Ngannou must find a way to cut off the cage (yes, it’s the larger cage in California this week) and press Gane backward and into the fence, where Ngannou can unleash hooks, crosses, elbows and knees from the pocket.

The 30-foot cage favors Gane as it does with all athletes requiring the control of distance, space and angles because it is 44% larger than the small cage, in which Ngannou defeated Miocic.

This fight opened Ngannou -115 to Gane + 100. Last Friday on the ‘Bout Business Podcast Gane -120 for 2 units was released. My judgment is that the price on Gane was incorrect at opening.

Gane -145

Total in this fight: 2.5 Under -125

It’s my judgment that Gane will avoid early confrontation with Ngannou and that any plan he has must include taking the champion into deep waters for success. Ngannou can touch anyone at any time and turn their lights out. I just don’t believe he’ll be able to catch Gane during this bout.

BRANDON MORENO -175 vs. DEIVESON FIGUEIREDO + 155

Flyweight (125 pounds) championship

It’s flyweight trilogy time!

Their first bout was ruled a draw and in their second bout Moreno submitted Figueiredo in the third round last June in Phoenix.

In both of those championship five-round bouts, Figueiredo struggled making weight, and it absolutely affected his performance, especially in the second fight. Figueiredo is a monster for the division who could be competing at bantam, but he insists on trying to tax his system into allowing him to make 125 pounds. Many believe Figueiredo would be an immediate threat to the top five at bantamweight, but his difficulty making 125 alters his effectiveness at flyweight.

Figueiredo’s ability to effectively make 125 is the single most determining factor in how I handicap this fight.

Figueiredo is a black belt in BJJ, he has ferocious power striking, kicking and, when able to perform at his best, is an overwhelming force in his bouts no matter where the fight goes.
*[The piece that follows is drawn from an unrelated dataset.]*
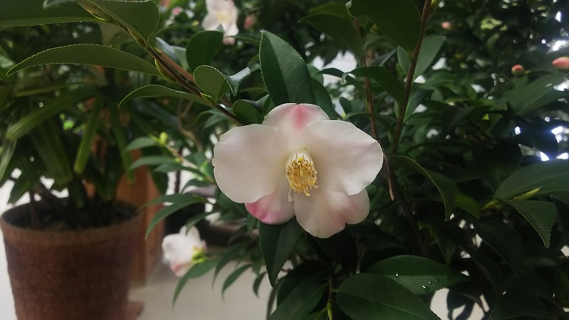 一足早いサクラのように薄いピンク色が愛らしいツバキですね。

However, much of his ability has been eroded in those last couple of bouts by the weight cut.  

Further, Figueiredo has again swapped gyms for this trilogy. In his zeal to capture that perfect plan, he’s gone from team Alpha Male to Phoenix to train with Henry Cejudo at Fight Ready. Let’s hope they have the magic elixir to make Figueiredo’s drop to 125 manageable.

Moreno, a large flyweight himself, is two inches taller and sports a two-inch reach advantage. Moreno’s fighting acumen is founded in Muay Thai striking, BJJ black belt proficiency and the heart of a true Mexican warrior.

Moreno has the size and length to keep Figueiredo at distance and the grappling chops to roll with him should the fight go to the canvas. But Moreno must plan to face an opponent who will be the best version of himself the market has ever seen.

In their second fight last June, Figueiredo opened -235 before closing -190 and yes, Insight the Octagon was all over Moreno then in a fight that took place in the heart of Sonora, Mexico, where every screaming voice was for Moreno. Saturday the fight is in Southern California and the crowd will be as voracious in its support for Moreno as it was in Phoenix. The difference will be that Figueredo knows what to expect, unlike in the first bout when the overwhelming Moreno support clearly rattled him.

I don’t know what Figueiredo can do to change my opinion of how this fight will transpire other than being one of the first athletes to step on the scale Friday morning and making weight easily. Should he accomplish that, I will regard him as being in a very competitive spot.

Should I detect this week that the overwhelming amount of Mexican love and adulation heaped on Moreno over the last several months has affected his focus or ability to properly train for this bout, I’ll account for that in my final assessment of this fight, but early research shows the Moreno is training like a champion for this bout.

There is no way to make any position on this bout without viewing the weigh-ins Friday morning.

One thing we understand: this is a new day, a new event and new pricing, so the handicap is a new one also.

Moreno opened -170 for this bout. Figueiredo now being the underdog changes this handicap completely.

Total for this fight: 3.5 rounds Over -115

I’ll have strong positions on this bout later this week.